Spare a thought for the rich and famous

PERHAPS, JUST for a few days, it is time to lay off celebrities. All year, their behaviour has made us wince, rage and laugh as they have strutted across newspapers, television screens and the steps of the High Court. Surely at this time of goodwill they should be allowed to be humble, private and human, like the rest of us.

On the other hand, what the hell. Most of them are so dysfunctional, they have forgotten what privacy is. So let us raise the veil one more time and reveal precisely what our most revered public figures will be doing over the festive season.

For many politicians, of course, these few days are a traumatic, stressful time. With no excuses to nip off to a discreet flat in St John's Wood for a brisk late-night briefing with a research assistant, with no exciting press conferences or appearances on the Today programme, they are left simply to be themselves.

Tetchily they re-introduce themselves to their families, playing party games with a frantic, wild-eyed joviality. By next Monday or Tuesday, they will be forced to recognise that they have forgotten how to be themselves. A crisis will be manufactured - leadership, new scandal, London mayor; you know how it is, darling - and they will be on their way back to St John's Wood.
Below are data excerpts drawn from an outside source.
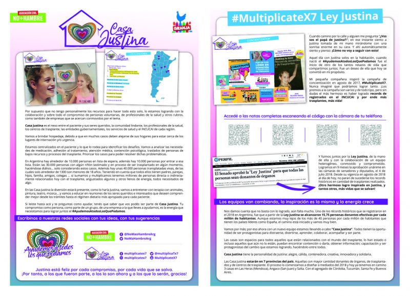 El proyecto Casa Justina, liderado por Ezequiel Lo Cane y el Equipo de NO+HAMBRE ARGENTINA, nació a partir de la promulgación de la Ley Justina, impulsada a raíz de la experiencia de su hija. La iniciativa busca mejorar el proceso del trasplante de órganos, concientizar sobre su importancia y contener a quienes lo atraviesan. Será un lugar de ayuda y compañía, donde se puedan compartir experiencias tanto de éxito como de pérdida, para crecer y avanzar en comunidad.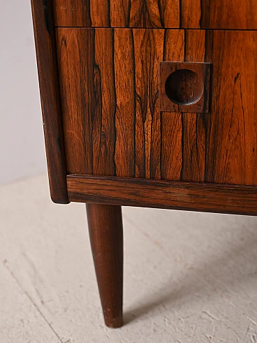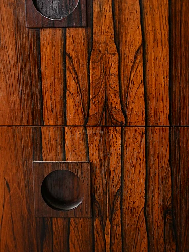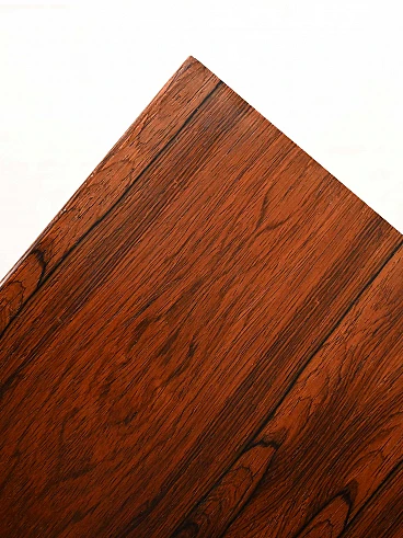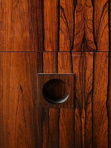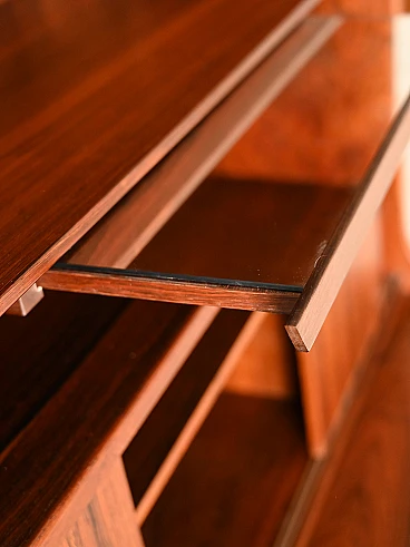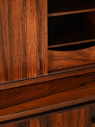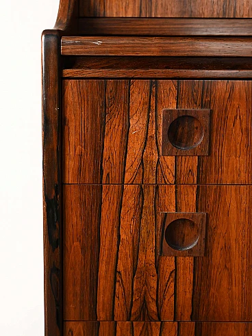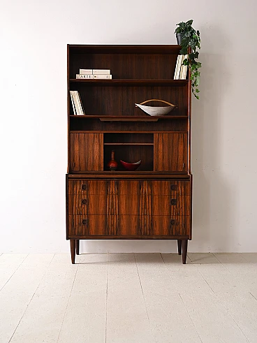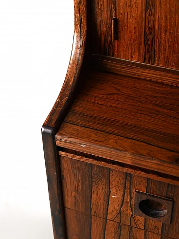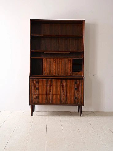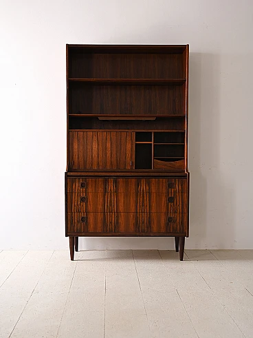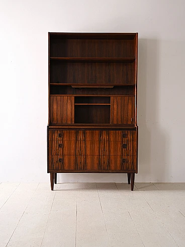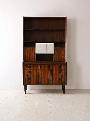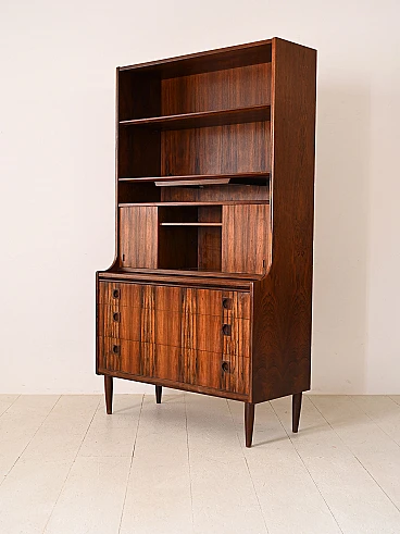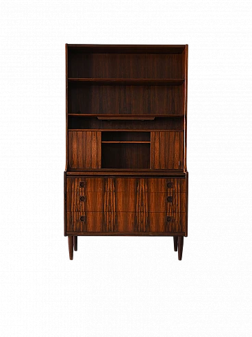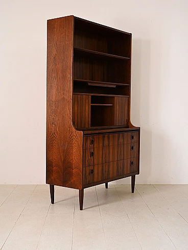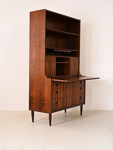 Libreria con scrittoio integrato di Albert Hansen, anni '60-'70. Realizzato con legno pregiato di palissandro, questo mobile incarna la bellezza naturale e la durabilità che solo i materiali di alta qualità possono offrire. La parte inferiore ospita tre cassetti con l'impugnatura scolpita nel legno, mentre il piano estraibile trasforma il mobile in un pratico scrittoio. Questo design intelligente ottimizza lo spazio disponibile, garantendo una soluzione elegante ed efficiente per l'organizzazione della zona studio o lavoro. Nella parte superiore, due scomparti chiusi da ante mantengono al sicuro gli oggetti personali, mentre le scaffalature aperte sono perfette per esporre libri e oggetti decorativi. Ogni dettaglio di questa libreria evoca il calore e l'ospitalità del design nordico, mentre la sua funzionalità impeccabile la rende un'aggiunta essenziale a qualsiasi spazio abitativo moderno.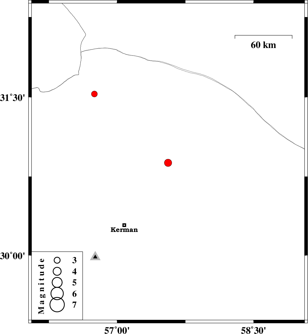 | 2010/04/26 | 14:45:37.7 | 19:15:37.7 | 31.53 | 56.75 | 18 | ML3 | Kerman Province, 29 km North of Ravar |

But some politicians will be engaging in more useful holiday projects. Peter Mandelson, for example, has checked his new best friend, Bobby, the golden retriever, into the SIT! Clinic, where it is hoped that Bobby's recent off-message behaviour will be cured by the clinic's strict yet friendly social indoctrination training programmes. With the help of a special pager collar, he will soon understand basic commands - "Wag tail!", "Lick face!", "Act zany for the cameras!" - from his master.

Meanwhile, celebrities who find fame a burdensome chore will be seeking inner peace. Those closest to Mohamed al Fayed have known for some time that their employer acts the vulgar potentate only because the tabloids expect it. Essentially a brooding introvert, Mr Fayed has hired out the Millennium Dome's Spirit Zone, where he will retire with a few humble security guards for a period of silence and fasting.

Meekness of that kind is surprisingly prevalent among public figures. Chris Tarrant is so mortified by his part in the weekly celebration of greed and vulgarity that is Who Wants To Be A Millionaire? that he will be spending Christmas Day in London's soup kitchens - an option so popular that, in some hostels, the unfortunate homeless may be outnumbered by caring celebrities.

The great writer Howard Jacobson will be ladling soup, AA Gill has told his family that this year he has a "higher calling" and the country's leading communist, Julie Burchill, the Diana of Brighton, will be moving among the common people, dispensing warmth and kindness.

It will be a more memorable Christmas for others. Neil Hamilton, Jeffrey Archer and Jonathan Aitken are on an aversion therapy course, during which anything less than the whole truth will be punished by a sharp, painful shock - or, in the case of Aitken, the lack of a sharp, painful shock.

Later in the season, the comic novelist Joseph Connolly will do something he has not done for years: shave. Owner of a beard so enormous that Hampstead fire officers have declared it an official fire hazard during the dry season, Connolly has promised to reveal his face if not invited to the Dome on New Year's Eve. Charlie Dimmock and a task force of topiarists are standing by for their toughest assignment to date.

Bear these people in mind as you settle down tomorrow in domestic contentment. They have given much over the past year and deserve your thoughts and sympathy as you all enjoy, I hope, a very happy Christmas.